Oil (I use coconut oil) 2 tablespoons
Garlic, minced 2 cloves
Onion, minced 1 whole
Cumin, ground 1 teaspoon
Coriander, ground 1 teaspoon
Oregano, ground 1 teaspoon
Chili powder or cayenne 1 teaspoon
Bay Leaves 2 pieces
Ground Beef 250 grams
Crushed Tomatoes 500 grams
Red kidney beans 200 grams, soaked overnight
White beans 200 grams, soaked overnight
Chicken Stock 1 liter
Corn Kernels, canned, drained 100 grams
Salt, Pepper to taste
Cheese, grated for garnish
Heat oil in a pot over medium heat, add in minced onions, saute until translucent. Add in the garlic and cook until fragrant. Add beef and the spices. Cook until beef is no longer pink about 5 minutes.
Add in the soaked beans and the crushed tomatoes. Cover with chicken stock and cook until beans are tender, this can take from 30-45 minutes.
When beans are tender add the corn kernels and season with salt and pepper. I prefer to cook it further until the liquid is reduced. Serve hot. Top with grated cheese and parsley.

Tuesday, February 1, 2011

Birthday Girl!

Today is the first day of February and it's also my baby sister's 18th birthday!
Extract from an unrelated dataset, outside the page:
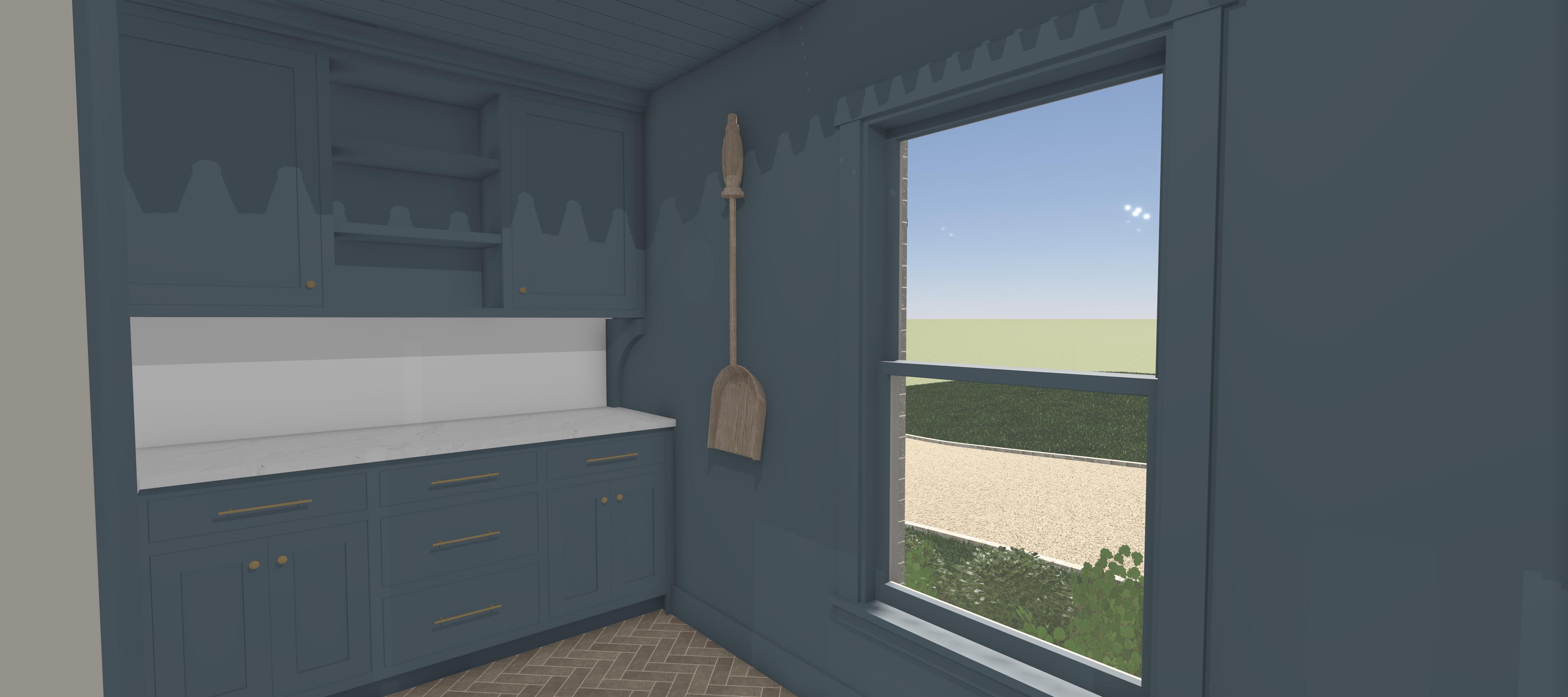 create a realistic rendering with dramatic natural light streaming through the window and the walls and cabinetry a smoky dusty blue

I could still remember when my mom had her labor pains and I was in the car with them rushing to the hospital--I was praying so hard that my baby sister wouldn't be in such a rush to come out and be born inside the car! Now she is way taller than me and puts make-up more than I do but she still remains the baby in the family, Happy Birthday Myc!

I decided to make an entremet with coffee mousse cake. I used hazelnut flour instead of almond flour and I think I like it better, it makes a nice background for the Happy 18th birthday. The recipe for the joconde imprime can be found here.

All-purpose Cream 2 x 250 ml box
Unflavored Gelatine 2 x 10 gr packet
Water 1/2 cup
Refined Sugar 1/2 cup
Espresso 1/4 cup

Dissolve gelatine in cold water, leave to bloom for about 5 minutes. Microwave for one minute, set aside. With the whip attachment of your mixer, beat cream and sugar together until sugar is dissolved. Slowly pour in coffee and gelatine. Whip until cream is double in volume. Pour on prepared joconde imprime. Refrigerate overnight.